As referências de hoje são Seu Jorge, Mumuzinho. E tive a oportunidade de falar isso pra ele (Mumuzinho). Disse que queria ser parecido com ele. Hoje estamos fazendo som juntos, indicados a prêmios… Como referências de sempre, o Usher. E as coisas que meu pai me deixava ouvir em casa, que passavam no ‘controle de qualidade’ dele (risos). Um controle de qualidade que tinha um pouco de religioso, meu pai é evangélico, mas também de qualidade musical mesmo. Então, era Stevie Wonder, Ray Charles, Baby Face…
Sempre galera preta.
Sempre galera preta. Bom, nem sempre. Estudei num colégio ao lado de um condomínio da Barra (da Tijuca, bairro de classe média-alta do Rio). Então, convivi quase que só com brancos na infância. E o meu primeiro envolvimento com música, no colégio, foi por causa das garotas. Eu queria ser notado. Eu era o preterido, sobretudo pela cor da minha pele. Eu não tinha internet na época pra buscar minhas próprias referências, pra fazer descobertas. Então, me baseava muito nas referências daquele tempo, da galera branca, era o que passava na TV: Restart, Cine, essas bandas eram o que bombava. Como eu não tinha dinheiro pra comprar calça colorida, precisava arrumar outra forma de aparecer (risos). Aí levava violão pra pracinha do colégio, na hora do intervalo, tocava, e a rodinha se centralizava em mim.
Aos poucos, foi acontecendo meu letramento racial. E ele veio um pouco através do R&B. Um dia um colega levou um compilado de vídeos pra escola e mostrou. Surgiu o Usher, já de cara, com aquele cordãozão de ouro, montadão, cantando pra caramba, todo mundo em volta dele.

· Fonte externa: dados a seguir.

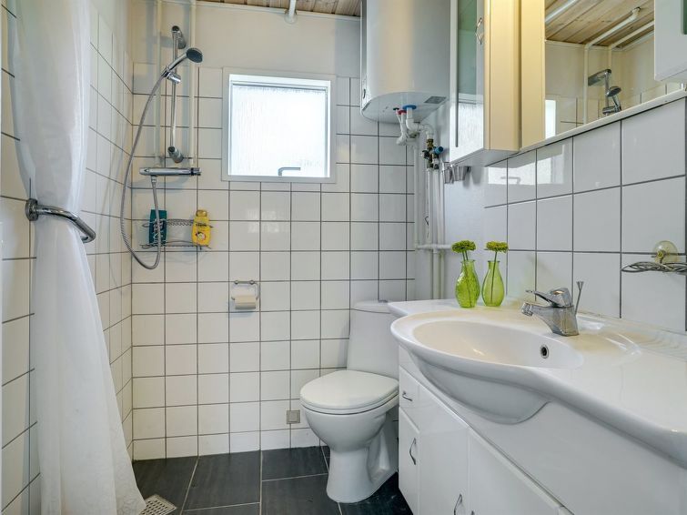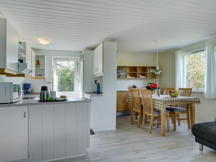 "Akira" - 500m to the fjord", 2-room house 65 m2. Object suitable for 2 adults + 2 children. Living room with TV and radio. 1 room with 1 double bed. 1 room with 1 double sofabed and 1 x 2 bunk beds. Kitchen (oven, dishwasher, 4 ceramic glass hob hotplates, freezer). Shower/WC. Conservatory.

Um cara parecido comigo conquistando tudo o que ele conquistou. Foi surreal o que eu senti. Aí fui descobrindo Chris Brown, Ne-Yo… Foi um alívio mesmo.

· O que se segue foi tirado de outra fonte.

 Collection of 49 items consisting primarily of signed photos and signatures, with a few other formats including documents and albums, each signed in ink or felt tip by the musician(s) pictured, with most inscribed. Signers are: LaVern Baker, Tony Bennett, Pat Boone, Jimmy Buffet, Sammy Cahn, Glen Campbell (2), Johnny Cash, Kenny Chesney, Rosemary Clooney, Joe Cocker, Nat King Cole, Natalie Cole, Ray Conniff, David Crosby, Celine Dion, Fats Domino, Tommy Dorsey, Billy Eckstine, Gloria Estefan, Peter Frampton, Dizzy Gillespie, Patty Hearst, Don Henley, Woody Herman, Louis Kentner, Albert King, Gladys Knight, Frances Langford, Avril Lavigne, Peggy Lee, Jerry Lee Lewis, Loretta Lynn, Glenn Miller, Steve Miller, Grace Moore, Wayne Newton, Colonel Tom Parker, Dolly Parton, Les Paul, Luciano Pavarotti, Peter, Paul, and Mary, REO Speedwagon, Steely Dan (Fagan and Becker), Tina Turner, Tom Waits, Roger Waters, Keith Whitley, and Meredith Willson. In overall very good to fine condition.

Como é seu processo de composição típico? É mais solo? Mais com parcerias?
Varia bastante. Eu tento não me prender a métodos. Não penso numa fórmula. Como moro sozinho, sempre as ideias vêm sozinhas. As vezes surge um refrão, uma frase solta, coisas aleatórias. Na maioria das vezes começo pela melodia, mas às vezes pela letra. Na metade do caminho, paro, penso em chamar um amigo ou ligar pra Gloria ou a Ludmilla, hoje tenho essa abertura, pra já ir oferecendo a elas… Às vezes, num papo, surge uma frase boa, e parte daí. Acontece muito de surgir algo (conversando) com a Pabllo. Tento fugir daquela formalidade de ‘vamos sentar agora e escrever uma música’.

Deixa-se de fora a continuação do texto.